Environmental change impact role of within-generational plasticity
Plasticity and population dynamics are known to impact the ability of populations to evolutionarily track a moving optimum[39,96]. While selection works to decrease the phenotypic lag, plasticity can also reduce the size of this lag[40] (but see [10]). However, this impact of plasticity on lag size is complex, for plasticity itself can evolve, has different forms depending on the life history strategies of the population[97,98], and can be considered at the level of genes, individuals, populations, or species[99,100]. Even within these levels, there is disagreement about how different environments alter the ability of plasticity to affect lag in populations of different size[100]. How we judge the efficacy of plasticity to affect population dynamics depends on assumptions about its inherent costs and limitations[101] and how they interact with the three environmental parameters.

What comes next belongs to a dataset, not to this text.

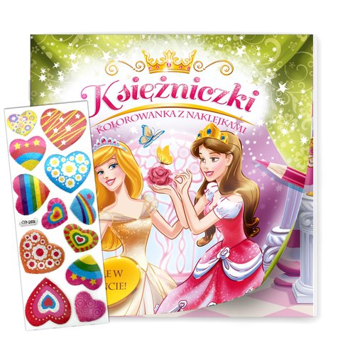 Kolorowanka Księżniczki zawiera zbiór baśniowych postaci. Piękne księżniczki uśmiechają się do malujących je dzieci. Baśniowe postacie wprowadzają w swój kolorowy świat i zachęcają do wspólnej zabawy. Zaproponuj swojemu „maluchowi” aby pokolorowane obrazki powiesił w swoim pokoju, będą cudownym urozmaiceniem otoczenia. Dodatkowy atut publikacji stanowi zestaw kolorowych naklejek i stickerów.

Often plasticity is assumed to buffer decreases in population size due to increasing rates of environmental change, although it is increasingly clear that this relationship is context dependent[100]. A key implicit assumption in moving optimum theory is that plasticity incurs some energetic cost[48,102] which depends on the type of trait (e.g., morphology, phenology, physiology, behaviour) and the rate of environmental change. The cost of plasticity thus adjusts the critical limit of environmental change, producing a complex interaction between rate of environmental change and net benefit of plasticity[103,104].
Environmental variability also impacts the ability of plasticity to benefit population size and persistence. Although plasticity can mitigate the detrimental effects of environmental variability in some cases[105,106], individual-based simulations have shown that the magnitude of environmental fluctuations has surprisingly limited effects on population persistence[107]. The limitation of their results is in part because increased variation can decrease survival[108] without much effect on the amount of plasticity or amount of phenotypic lag.

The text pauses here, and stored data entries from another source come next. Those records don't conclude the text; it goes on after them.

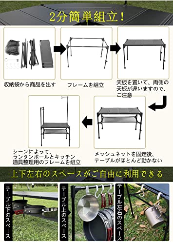 ソロ〜グループキャンプにも、本格的な調理台としても優秀な、組み合わせで様々な用途に使用できるテーブルです。
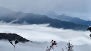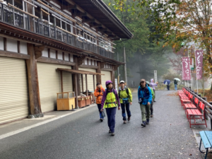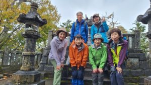 三峰神社バス停に着くと雨で平日なのにそれなりに人がいて人気の場所だという事が分かります。バス停に着いたら雨が止んでいたのでそこからは予定通り妙法ヶ岳に登ることにしました。途中、隣の山の中腹に雲が立ち込めていて何とも言えない風景に巡り会ったので、皆思い思いにスマホのシャッターを切りました。この幻想的な風景に巡り会えたのは、天気の悪い中登山をしている私たちへのご褒美だと思いました。妙法ヶ岳は三峰神社の奥宮で、幾つか鳥居をくぐり抜け、根っこの道、岩の転がる道を登って行きましたが、途中で裸足で登る女性を見かけました。以前個人で来た時もその女性が裸足で登っていたのを見かけたので、願掛けでもしているのかしら?と思いました。
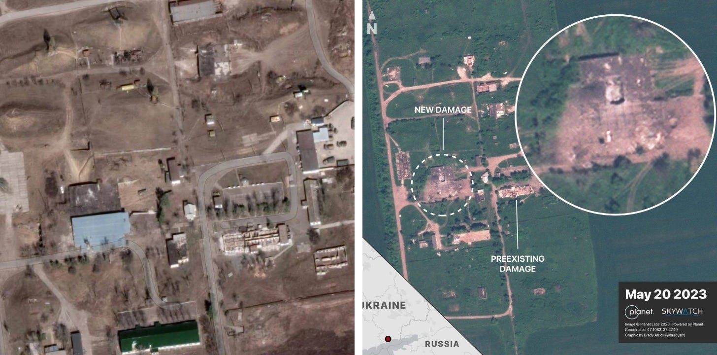 Cependant, il y avait une série de photos satellites montrant un prétendu coup de Storm Shadow sur un bunker souterrain près de Berdiansk :

Environmental temporal autocorrelation seems to have a clearer effect on the benefit of plasticity to population persistence than environmental variability. Both the theoretical and empirical literatures suggest that unreliable environmental cues, or low temporal autocorrelation, decrease the ability of plasticity to reduce extinction risk[101,109]. Here, we consider within-generational plasticity, but note that there is increasing interest in the evolution of plasticity over multiple generations[9]. More predictable fluctuations select for increased plasticity, suggesting that plasticity has a beneficial role for tracking moving optima[110].